ACTIVITY: From the entries below, return exactly the lines beginning at the one that contains "The Smoked Salmon" and ending at the one that contains "ИМИДЖ, магазин по", both of them included, and only those lines.

ENTRIES SUPPLIED:
——
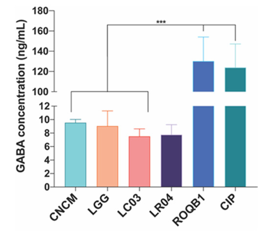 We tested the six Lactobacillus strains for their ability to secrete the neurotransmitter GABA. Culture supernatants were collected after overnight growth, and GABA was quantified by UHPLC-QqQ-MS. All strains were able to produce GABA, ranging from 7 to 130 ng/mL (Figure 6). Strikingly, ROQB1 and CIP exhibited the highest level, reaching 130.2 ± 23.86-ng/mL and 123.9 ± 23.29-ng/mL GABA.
——
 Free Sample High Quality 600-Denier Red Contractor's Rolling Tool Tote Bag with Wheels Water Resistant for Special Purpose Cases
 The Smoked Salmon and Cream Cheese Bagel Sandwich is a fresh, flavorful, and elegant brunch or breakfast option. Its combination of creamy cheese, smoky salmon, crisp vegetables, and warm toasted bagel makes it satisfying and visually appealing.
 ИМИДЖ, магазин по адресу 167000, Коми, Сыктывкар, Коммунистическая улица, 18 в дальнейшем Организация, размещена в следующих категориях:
——
ANSWER TO THE PROBLEM:
 The Smoked Salmon and Cream Cheese Bagel Sandwich is a fresh, flavorful, and elegant brunch or breakfast option. Its combination of creamy cheese, smoky salmon, crisp vegetables, and warm toasted bagel makes it satisfying and visually appealing.
 ИМИДЖ, магазин по адресу 167000, Коми, Сыктывкар, Коммунистическая улица, 18 в дальнейшем Организация, размещена в следующих категориях:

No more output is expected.